You are a state inspector for the Division of Weights and Measures. Your responsibility is to be sure the net weight found on all containers is correctly reflected on the label (note: the label is a claim). You are inspecting ABC Company who makes dry dog food in boxes and bags. The boxes you are checking indicate a net mean weight of 32 ounces. You check a sample of 200 boxes and found the average content to be 31.7 ounces. The standard deviation allowed for this type of product is 2.2 ounces. Can you conclude at a .02 level of significance that the boxes of dog food are being under filled

Answer 1

No. There is not enough evidence to support the claim that the boxes of dog food are being under filled (P-vaue=0.027).

Explanation:

This is a hypothesis test for the population mean.

The claim is that the boxes of dog food are being under filled.
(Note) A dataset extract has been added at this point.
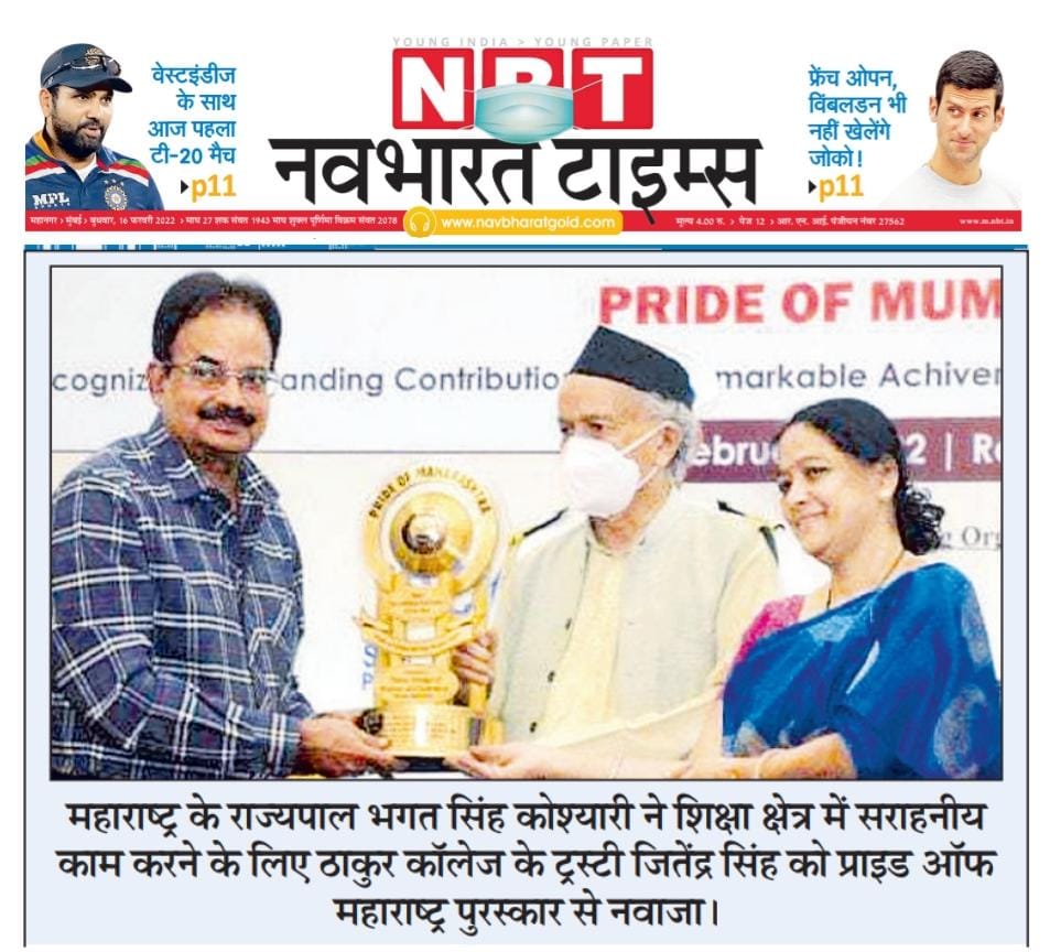 Maharashtra Industrial & Economic Development Association has presented 12th Edition of “PRIDE OF MAHARASHTRA AWARDS 2021” to Thakur College of Science and Commerce as a Best Educational Institution of the Year Award. The Award received by Mr. Jitendra Singh – In–Charge Trustee of Thakur College of Science and Commerce and presented by Hon’ble Governor of Maharashtra, Shri Bhagat Singh Koshyari on 13th February 2022 at the Raj Bhavan, Mumbai.

Then, the null and alternative hypothesis are:

`H_0: \mu=32\\\\H_a:\mu< 32`

The significance level is 0.02.

The sample has a size n=200.

The sample mean is M=31.7.

The standard deviation of the population is known and has a value of σ=2.2.

We can calculate the standard error as:

`\sigma_M=(\sigma)/(√(n))=(2.2)/(√(200))=0.156`

Then, we can calculate the z-statistic as:

`z=(M-\mu)/(\sigma_M)=(31.7-32)/(0.156)=(-0.3)/(0.156)=-1.928`

This test is a left-tailed test, so the P-value for this test is calculated as:

`\text{P-value}=P(z<-1.928)=0.027`

As the P-value (0.027) is bigger than the significance level (0.02), the effect is not significant.

The null hypothesis failed to be rejected.

There is not enough evidence to support the claim that the boxes of dog food are being under filled.